Work item — Leave the pictures out and write out exactly the lines from the top of the entries through the line containing "This is an amazing".
_ _ _
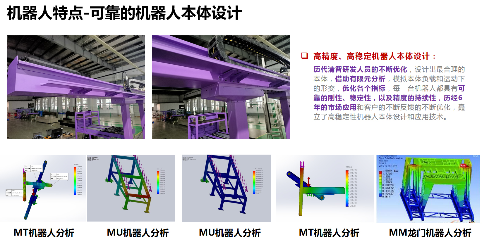 3、高穩(wěn)定性:清華大學(xué)團(tuán)隊歷經(jīng)7年研發(fā)和市場應(yīng)用,機(jī)身設(shè)計通過了數(shù)學(xué)建模、FEA、FDS等科學(xué)化的分析和優(yōu)化,累積了成熟的研發(fā)技術(shù)和應(yīng)用技術(shù),機(jī)器人制造均采用標(biāo)準(zhǔn)化和批量化制造,工藝化裝配,嚴(yán)格的出廠檢驗標(biāo)準(zhǔn),成就高穩(wěn)定性的機(jī)加工產(chǎn)線,滿足全年24*365天的穩(wěn)定運(yùn)行;
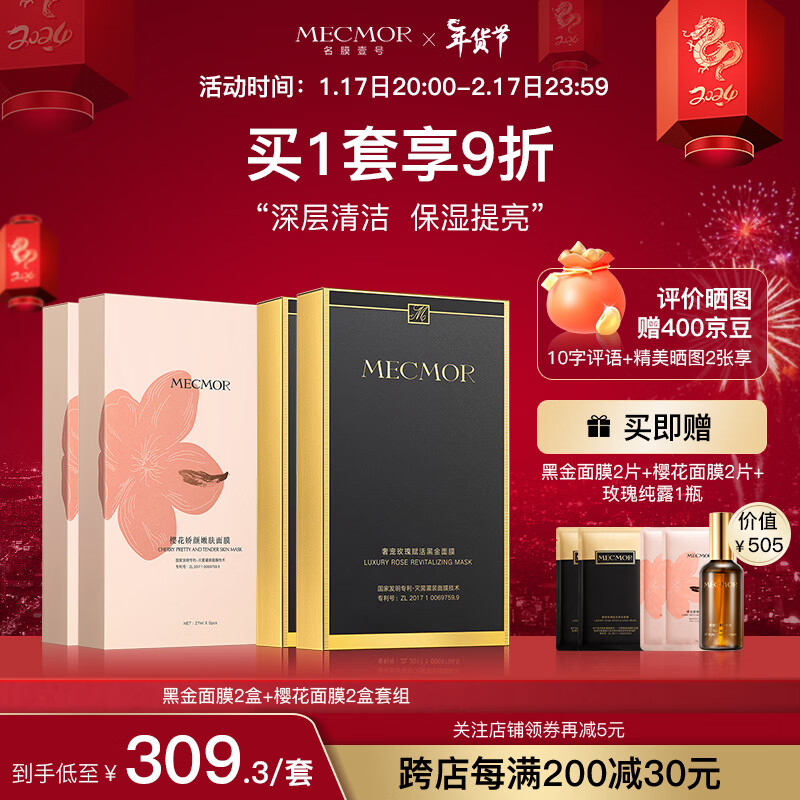 名膜壹号(mecmor)黑金面膜清洁提亮樱花面膜亮肤控油收缩紧致毛孔平细纹男女4盒装价格:377.00元!
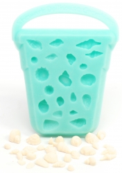 This is an amazing mold. You get this fun little bucket full of possibilities! It comes with 20 seashells! Some are smaller and bigger versions. There are 9 different seashell shapes. This mold opens up a world of possibilities! Chocolates, soaps, seashells for your seashore. Decorating your homes and fondant seashells for foods and cakes! So may ideas!
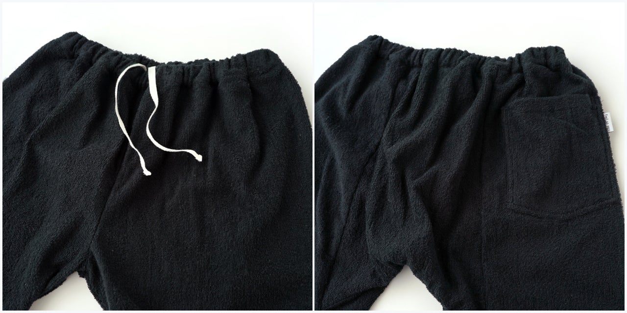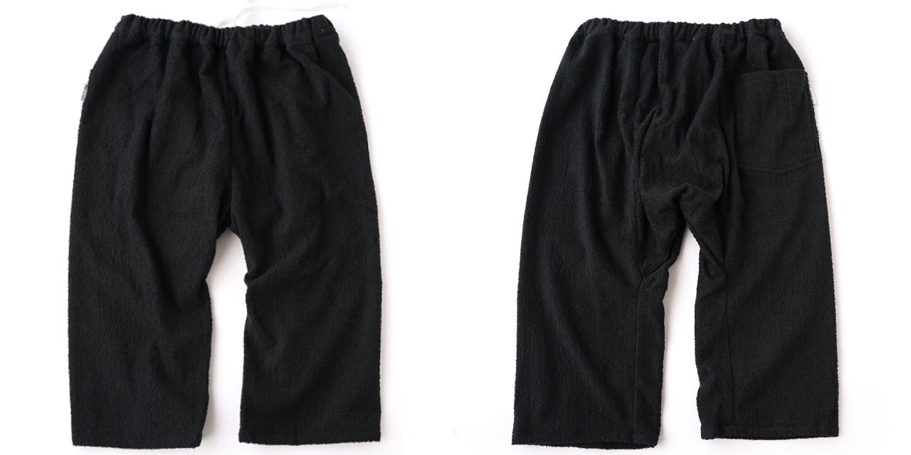前回のプロジェクトでも好評だったタオル生地のステテコ、新たにブラックカラーの登場です。生地は、日本のタオル生産地のひとつである大阪 泉州産です。タオルのパイルが心地良い穿き心地で一度穿いたらきっと病みつきになるでしょう。
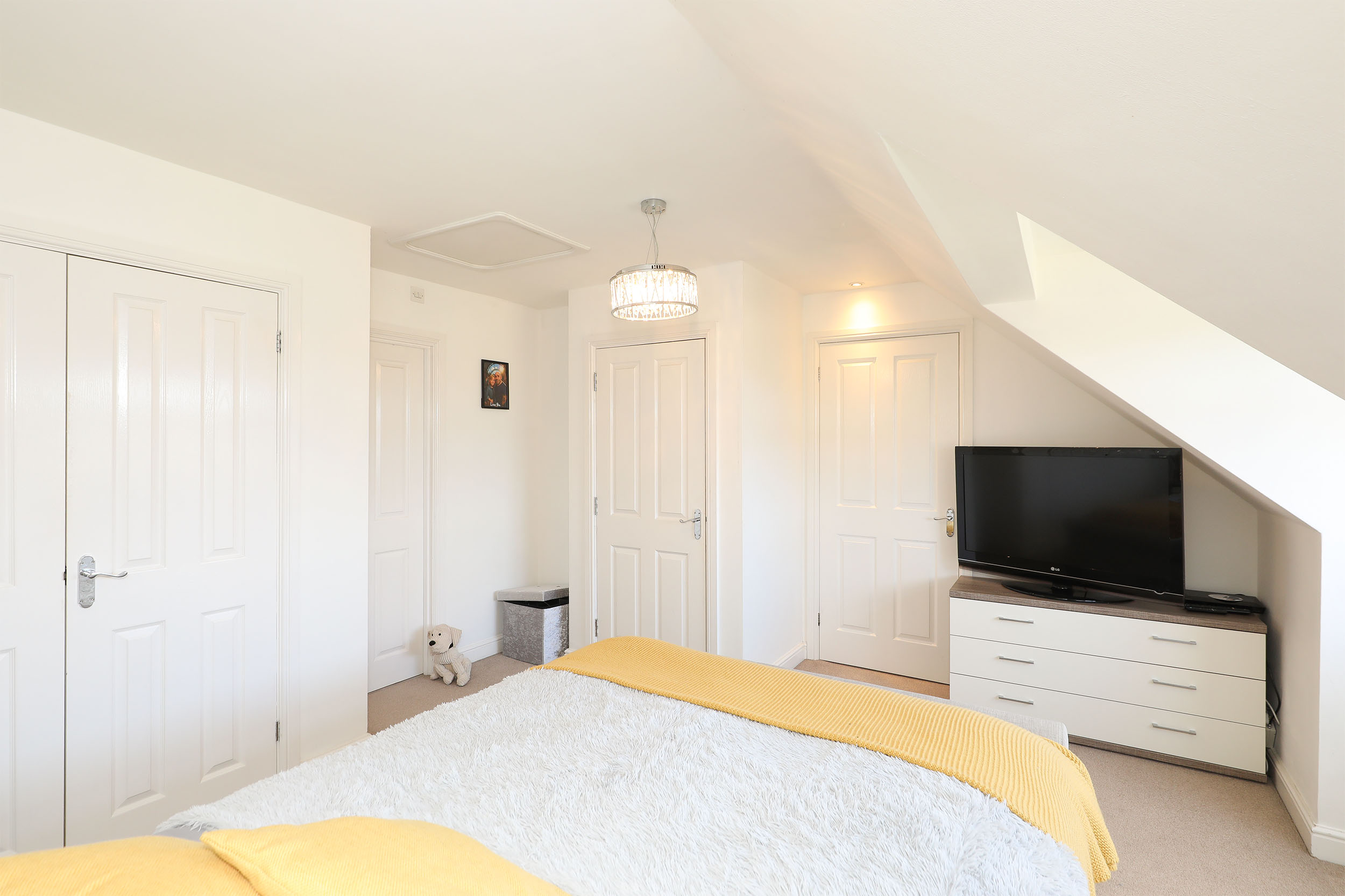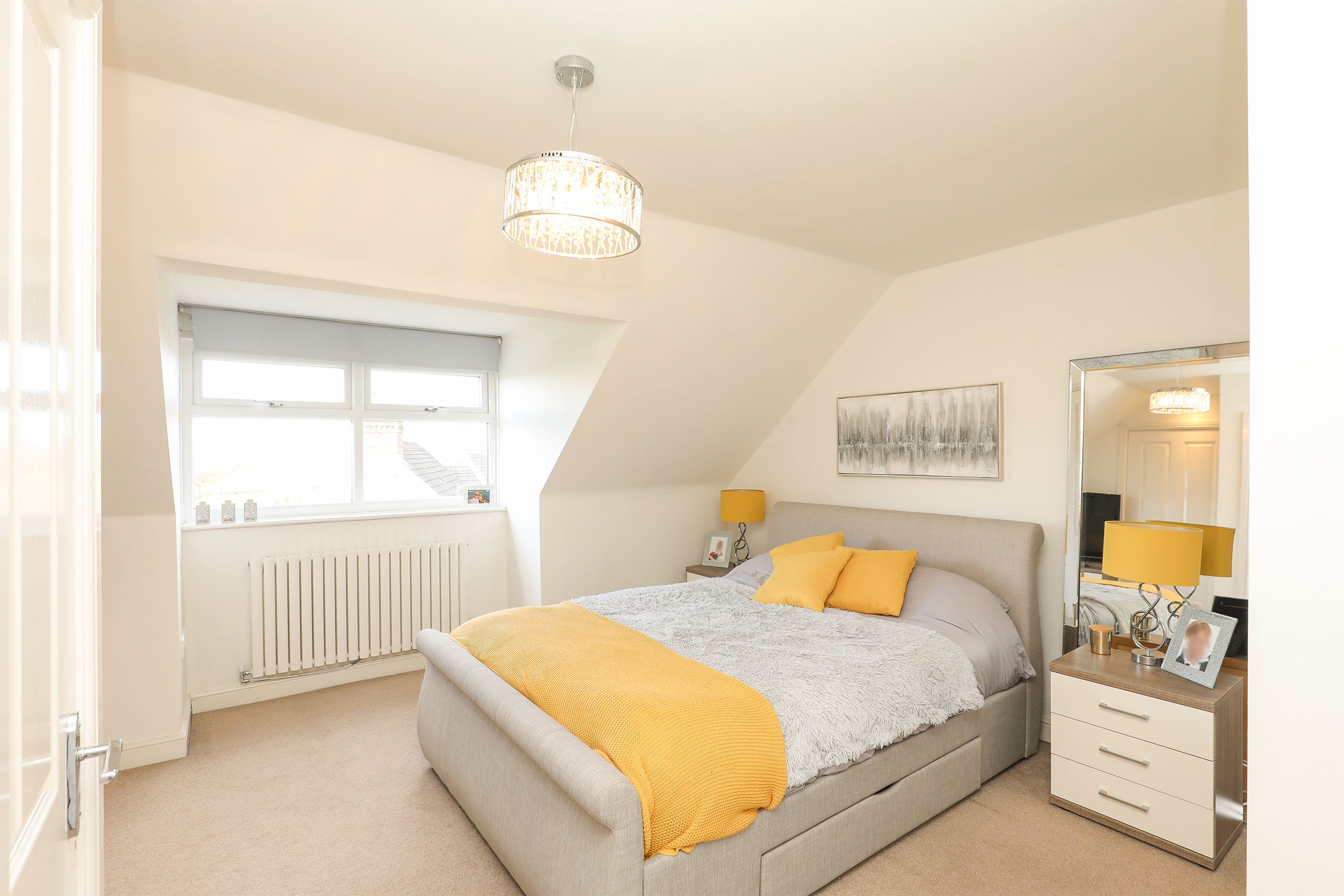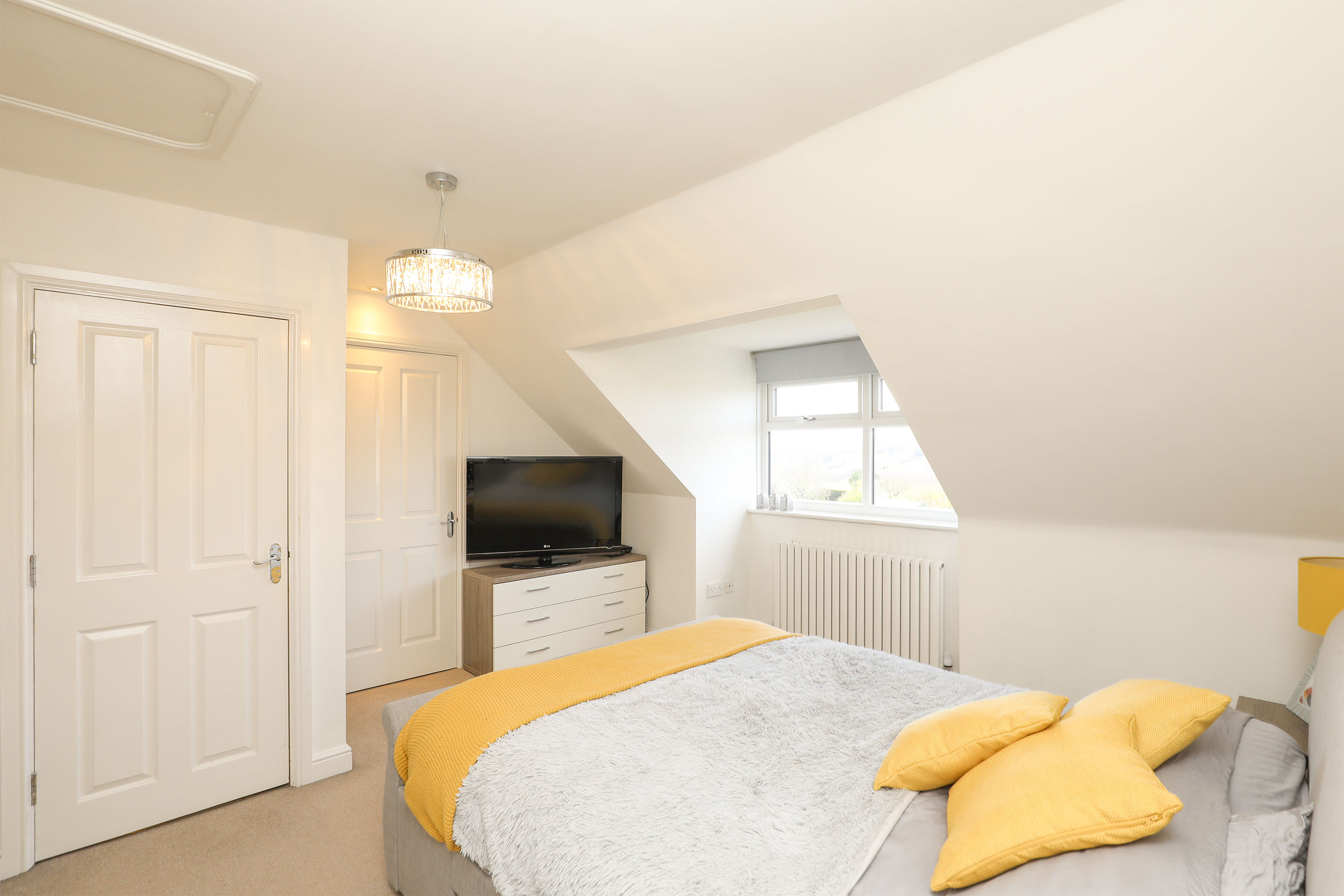 Occupying the entire second floor, the principal bedroom provides an impressive space, benefitting from an en-suite bathroom, extensive fitted storage, and picturesque elevated views.
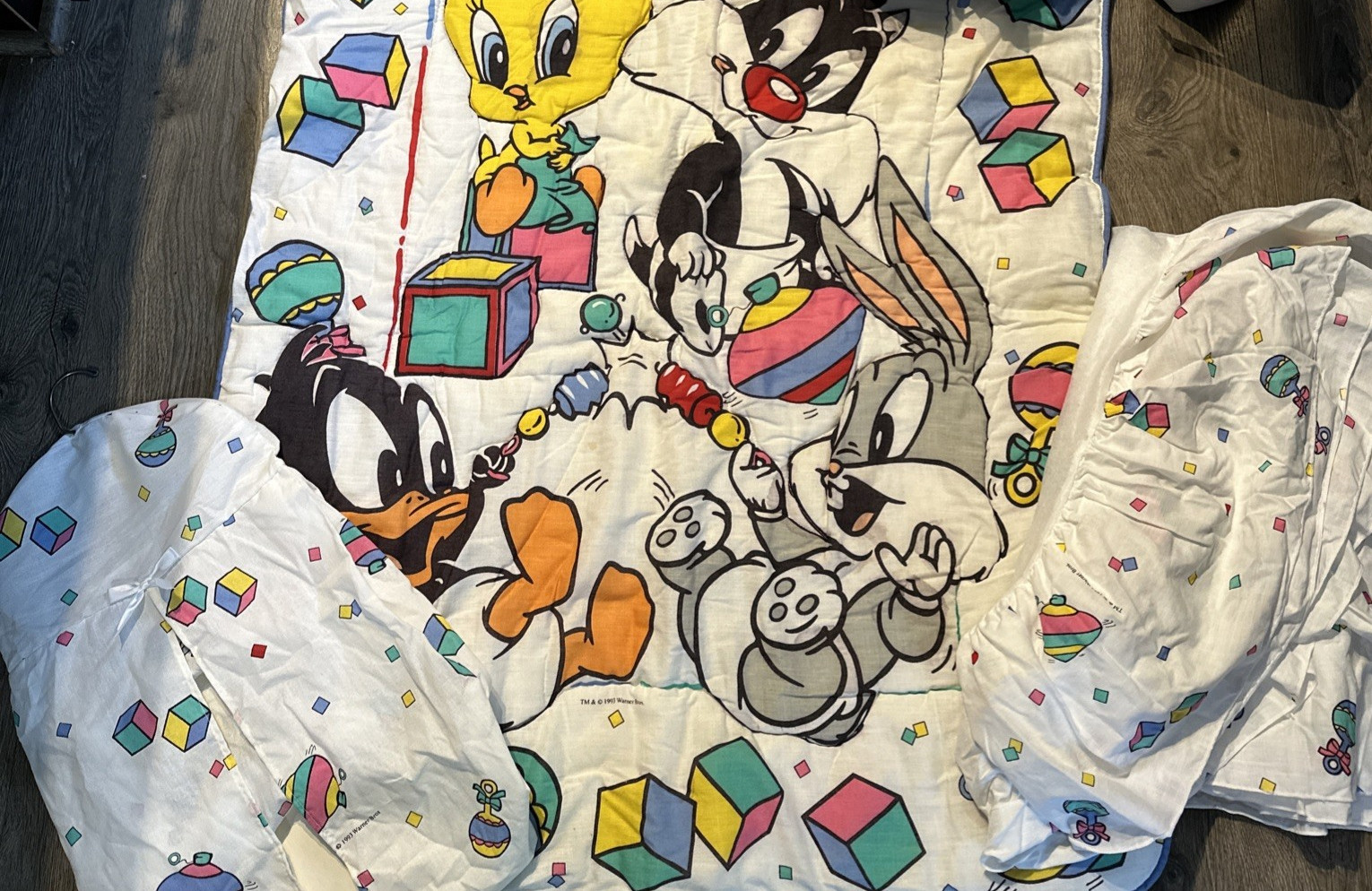 как выглядит Vintage Baby Looney Tunes Gerber Crib Set 5 Pieces Comforter Sheet фото
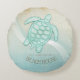 Dieses runde Kissen in den sanften Farben von Meer und Sand erlaubt es Ihnen, einfach Ihren eigenen Namen und Text mit der bereitgestellten Vorlage hinzuzufügen. Das einfache Schildkrötenbild auf einem beängstigenden, wasserfarbenen Hintergrund wird durch einen Wellenakzent in Aqua und Weiß hervorgehoben. Durchsuchen Sie ID623, um zu sehen, wie die Elemente am Meer und weitere Produkte mit diesem Design koordiniert werden.
_ _ _
Response to this task —
 3、高穩(wěn)定性:清華大學(xué)團(tuán)隊歷經(jīng)7年研發(fā)和市場應(yīng)用,機(jī)身設(shè)計通過了數(shù)學(xué)建模、FEA、FDS等科學(xué)化的分析和優(yōu)化,累積了成熟的研發(fā)技術(shù)和應(yīng)用技術(shù),機(jī)器人制造均采用標(biāo)準(zhǔn)化和批量化制造,工藝化裝配,嚴(yán)格的出廠檢驗標(biāo)準(zhǔn),成就高穩(wěn)定性的機(jī)加工產(chǎn)線,滿足全年24*365天的穩(wěn)定運(yùn)行;
 名膜壹号(mecmor)黑金面膜清洁提亮樱花面膜亮肤控油收缩紧致毛孔平细纹男女4盒装价格:377.00元!
 This is an amazing mold. You get this fun little bucket full of possibilities! It comes with 20 seashells! Some are smaller and bigger versions. There are 9 different seashell shapes. This mold opens up a world of possibilities! Chocolates, soaps, seashells for your seashore. Decorating your homes and fondant seashells for foods and cakes! So may ideas!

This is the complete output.